Showing posts with label american pickers. Show all posts
Showing posts with label american pickers. Show all posts

Friday, May 24, 2013

"Thanks for the info on your blog, but . . ."

Well, you cannot please everyone! From the morning electronic mailbox comes this missive:

Dr. Cebula: 

I found the "Patrick Henry Said What?" entry on your blog while searching for the origin of the attributed Patrick Henry quote about the Constitution not being an instrument. Thank you for exposing the error of this attribution. I teach AP U.S. History, and I am always on the lookout for information exposing erroneous historical claims. 

The food was terrible and
the portions too small.
But I wonder about your hit-and-run attack on the Tea Party. What is the reason for that? Are Tea Party members unique or even unusual in misquoting (and misspelling, ah, that was a nice touch!) the Founders, Framers, et. al.? I think that they are not, any more than those who assert that the Constitution contains the phrase "separation of church and state" in an effort to rebut religious objections to abortion, or the congressman who referred to the "Good and Plenty Clause" of the Constitution to--if I remember correctly--justify ObamaCare. Seems like a cheap shot to to me. 

Maybe you fallen victim to some cultural/geographical snobbery too, although why anyone teaching in Cheney, Washington, population 10,590, would feel superior by reason of location is beyond me. (Perhaps there are cultural wonders in Spokane of which I am unaware.) But, in your "No, You Cannot be a Professor" entry, you note that it's not worth pursuing a history Ph.D., because any professorships would only be available "in some part of the country usually only seen on American Pickers [sic]." Another cheap shot? 

I certainly am not urging you to suppress your political or cultural thoughts or biases. But I think that it would be more honest of you to just do an open and fully developed hit piece on grass-roots conservative political movements, or on the cultural shortcomings of "flyover country," rather than to take snarky little shots in the course of discussing other subjects. 

Sincerely, 

John D. Unimpressed 
Major, U.S. Army, Ret. 
Somewhere, Oklahoma

John, for all I know you may be correct. Certainly with as few readers as I have for this blog, I should not risk alienating any. Let me explain where I was coming from when I wrote those bits.

Wrong on two levels
The Patrick Henry post was aiming for bigger game than debunking a spurious quote from one Founder, the idea was to set out a procedure for fact-checking internet quotes. Near the end of the piece I wrote that "I could have performed this exercise with hundreds of other "quotes" from the Founders that you see plastered on bumper stickers and misspelled on Tea Party signs," my only mention of that grass-roots Koch brothers run political
group. Col. Unimpressed protests that the Tea Partiers are not "unique or even unusual in misquoting ... the Founders."

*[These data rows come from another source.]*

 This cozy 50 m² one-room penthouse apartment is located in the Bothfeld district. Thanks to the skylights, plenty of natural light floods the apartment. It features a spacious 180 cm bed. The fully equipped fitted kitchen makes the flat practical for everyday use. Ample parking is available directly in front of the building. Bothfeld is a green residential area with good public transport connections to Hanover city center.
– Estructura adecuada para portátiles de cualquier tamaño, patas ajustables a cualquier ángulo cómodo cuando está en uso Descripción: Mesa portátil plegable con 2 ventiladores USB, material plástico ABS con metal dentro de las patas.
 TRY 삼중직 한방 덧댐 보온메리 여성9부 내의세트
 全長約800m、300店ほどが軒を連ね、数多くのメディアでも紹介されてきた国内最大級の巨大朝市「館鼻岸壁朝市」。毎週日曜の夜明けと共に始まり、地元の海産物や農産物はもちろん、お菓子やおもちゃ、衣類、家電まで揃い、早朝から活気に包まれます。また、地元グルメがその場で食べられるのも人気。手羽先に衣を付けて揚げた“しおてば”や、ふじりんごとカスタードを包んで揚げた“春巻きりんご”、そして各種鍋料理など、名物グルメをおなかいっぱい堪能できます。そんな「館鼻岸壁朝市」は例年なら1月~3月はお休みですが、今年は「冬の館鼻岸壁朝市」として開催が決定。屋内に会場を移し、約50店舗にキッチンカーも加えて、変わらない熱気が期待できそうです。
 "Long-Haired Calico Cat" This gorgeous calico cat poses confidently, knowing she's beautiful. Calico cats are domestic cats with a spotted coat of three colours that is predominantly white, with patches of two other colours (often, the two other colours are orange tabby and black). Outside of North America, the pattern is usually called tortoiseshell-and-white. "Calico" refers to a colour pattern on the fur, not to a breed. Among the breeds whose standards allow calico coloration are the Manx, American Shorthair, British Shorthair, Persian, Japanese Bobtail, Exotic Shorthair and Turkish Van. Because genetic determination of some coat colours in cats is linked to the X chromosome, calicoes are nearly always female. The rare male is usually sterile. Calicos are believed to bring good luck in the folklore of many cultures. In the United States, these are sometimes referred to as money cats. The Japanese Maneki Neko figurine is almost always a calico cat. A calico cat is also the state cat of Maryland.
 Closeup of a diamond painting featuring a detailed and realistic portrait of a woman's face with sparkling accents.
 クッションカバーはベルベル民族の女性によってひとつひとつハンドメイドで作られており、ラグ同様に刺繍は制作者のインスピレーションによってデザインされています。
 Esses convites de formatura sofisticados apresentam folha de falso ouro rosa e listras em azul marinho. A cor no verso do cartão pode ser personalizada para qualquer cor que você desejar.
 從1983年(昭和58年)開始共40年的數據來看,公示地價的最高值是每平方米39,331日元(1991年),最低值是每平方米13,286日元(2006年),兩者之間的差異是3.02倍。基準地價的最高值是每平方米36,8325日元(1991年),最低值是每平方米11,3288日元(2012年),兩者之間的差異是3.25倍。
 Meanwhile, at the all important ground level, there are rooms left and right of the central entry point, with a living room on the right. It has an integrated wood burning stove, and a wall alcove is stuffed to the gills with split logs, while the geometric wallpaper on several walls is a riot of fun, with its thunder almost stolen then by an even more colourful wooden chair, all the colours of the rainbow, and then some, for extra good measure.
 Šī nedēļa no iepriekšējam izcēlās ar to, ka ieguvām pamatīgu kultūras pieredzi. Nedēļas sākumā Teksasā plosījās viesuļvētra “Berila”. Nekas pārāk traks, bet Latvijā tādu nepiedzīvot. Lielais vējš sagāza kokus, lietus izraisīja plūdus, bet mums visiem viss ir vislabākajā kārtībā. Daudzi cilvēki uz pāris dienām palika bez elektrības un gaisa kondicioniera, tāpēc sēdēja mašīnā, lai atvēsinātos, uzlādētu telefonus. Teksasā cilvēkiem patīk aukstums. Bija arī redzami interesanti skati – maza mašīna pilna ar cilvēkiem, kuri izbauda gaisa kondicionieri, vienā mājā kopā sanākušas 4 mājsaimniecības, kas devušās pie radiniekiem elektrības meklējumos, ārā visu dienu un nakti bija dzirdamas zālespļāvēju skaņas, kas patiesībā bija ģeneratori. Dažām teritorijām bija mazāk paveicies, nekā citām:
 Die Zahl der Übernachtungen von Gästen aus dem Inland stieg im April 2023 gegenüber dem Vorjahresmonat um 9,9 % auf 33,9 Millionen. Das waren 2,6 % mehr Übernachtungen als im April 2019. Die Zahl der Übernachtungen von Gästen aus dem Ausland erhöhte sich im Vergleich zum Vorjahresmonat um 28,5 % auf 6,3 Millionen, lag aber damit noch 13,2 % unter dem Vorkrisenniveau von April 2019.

Actually, they are. In fact there is a whole, award-winning book by Jill Lepore devoted to the Tea Party misinterpretation of the American Revolution. Or just Google about for Tea Party "quotes" pages and fact check them. Here is the first one I found. I checked the first five--four of them are made up.

I have never in my life heard anyone claim that the Constitution contained the phrase "separation of church and state" (though it certainly does establish that principle, and the phrase is an actual quote from Jefferson) or a "Good and Plenty clause." The left has its wackaloons, to be sure, but fabricating "quotes" from the Founders is a right-wing phenomena.
Founders edition

As for the other charge, of elitism and snobbery against the heartland, I don't think that is particularly valid. My post discouraging students to try to become history professors was not to save them from the imagined indignity of living in the Midwest, a place I happily called home for a dozen years while teaching at Missouri Southern State University in Joplin. I pointed out that there are no jobs, that a PhD can take ten years, that there are enormous opportunity costs in starting your career a decade after your peers, that a PhD in history can leave a person prepared to do little outside of academia, and that the pay for professors is terrible.

I also wanted to point out that having any chance at all for a tenure track job necessitates being willing to take a job anywhere at all. So I wrapped up my arguments with this line:

"Frankie! Seen a tenure-track job in here?"
"If you go on for a PhD, instead you will find yourself with student loan payments equivalent of a home mortgage but no home (and no equity), no retirement savings, and banking on the thin chance of landing a job in some part of the country usually seen on
American Pickers."

Dear Readers, I submit that a piece of writing as fine as that requires no further defense.